> SUPPLIED MATERIAL
=-=-=
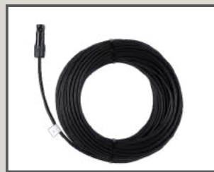
25 M CABLE CON CONECTOR MC4
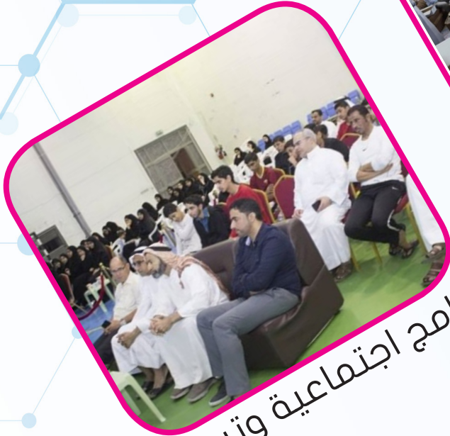
برامج اجتماعية وتربوية
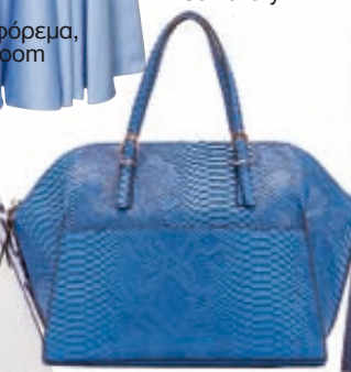
Δερμάτινη τσάντα, Carpisa
=-=-=
> REQUIRED ACTION
Copy exactly, and copy nothing else: the lines from the one containing "برامج اجتماعية وتربوية" through the end of the data, both ends included, with pictures left out.

> EXERCISE ANSWER
برامج اجتماعية وتربوية
Δερμάτινη τσάντα, Carpisa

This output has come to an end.